# Collected material
################

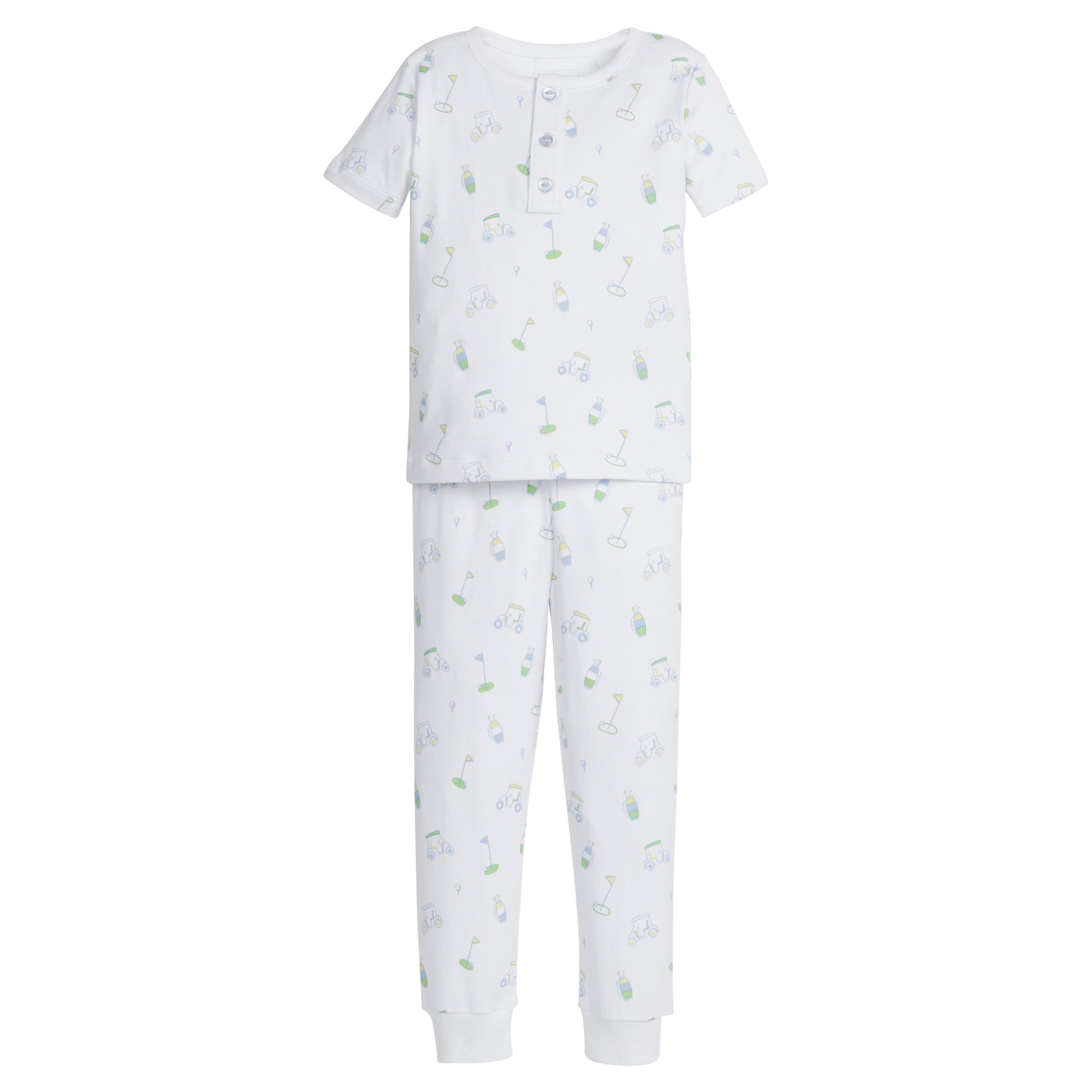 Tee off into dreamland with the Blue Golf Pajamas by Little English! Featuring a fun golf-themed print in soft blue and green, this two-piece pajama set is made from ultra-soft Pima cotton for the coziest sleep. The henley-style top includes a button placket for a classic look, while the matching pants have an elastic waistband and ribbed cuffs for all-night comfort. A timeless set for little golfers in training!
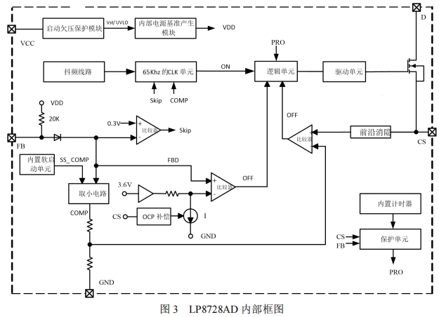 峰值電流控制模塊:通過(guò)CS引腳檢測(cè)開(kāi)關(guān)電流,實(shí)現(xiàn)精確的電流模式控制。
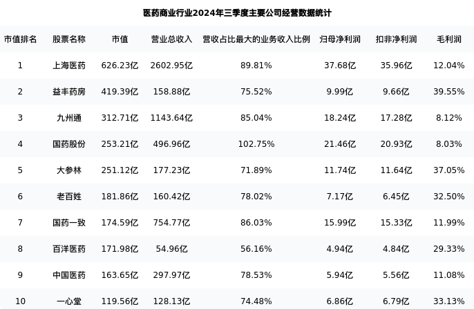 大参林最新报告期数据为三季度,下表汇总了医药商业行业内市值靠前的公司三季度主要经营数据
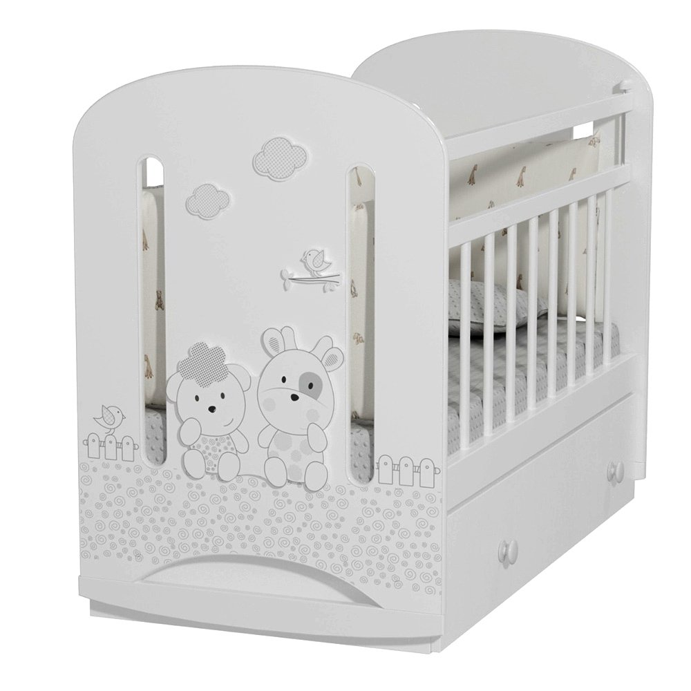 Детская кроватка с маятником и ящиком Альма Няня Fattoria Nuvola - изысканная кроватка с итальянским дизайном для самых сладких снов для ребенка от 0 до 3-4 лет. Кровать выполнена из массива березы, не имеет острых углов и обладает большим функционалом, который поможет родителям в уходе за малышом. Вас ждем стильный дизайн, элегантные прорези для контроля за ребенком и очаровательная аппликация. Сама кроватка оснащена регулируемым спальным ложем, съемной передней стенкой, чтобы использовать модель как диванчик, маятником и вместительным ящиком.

################

Your answer must be the lines from the line containing "大参林最新报告期数据为三季度" through the final line of the data, written out exactly, both ends included and pictures left out.

 大参林最新报告期数据为三季度,下表汇总了医药商业行业内市值靠前的公司三季度主要经营数据
 Детская кроватка с маятником и ящиком Альма Няня Fattoria Nuvola - изысканная кроватка с итальянским дизайном для самых сладких снов для ребенка от 0 до 3-4 лет. Кровать выполнена из массива березы, не имеет острых углов и обладает большим функционалом, который поможет родителям в уходе за малышом. Вас ждем стильный дизайн, элегантные прорези для контроля за ребенком и очаровательная аппликация. Сама кроватка оснащена регулируемым спальным ложем, съемной передней стенкой, чтобы использовать модель как диванчик, маятником и вместительным ящиком.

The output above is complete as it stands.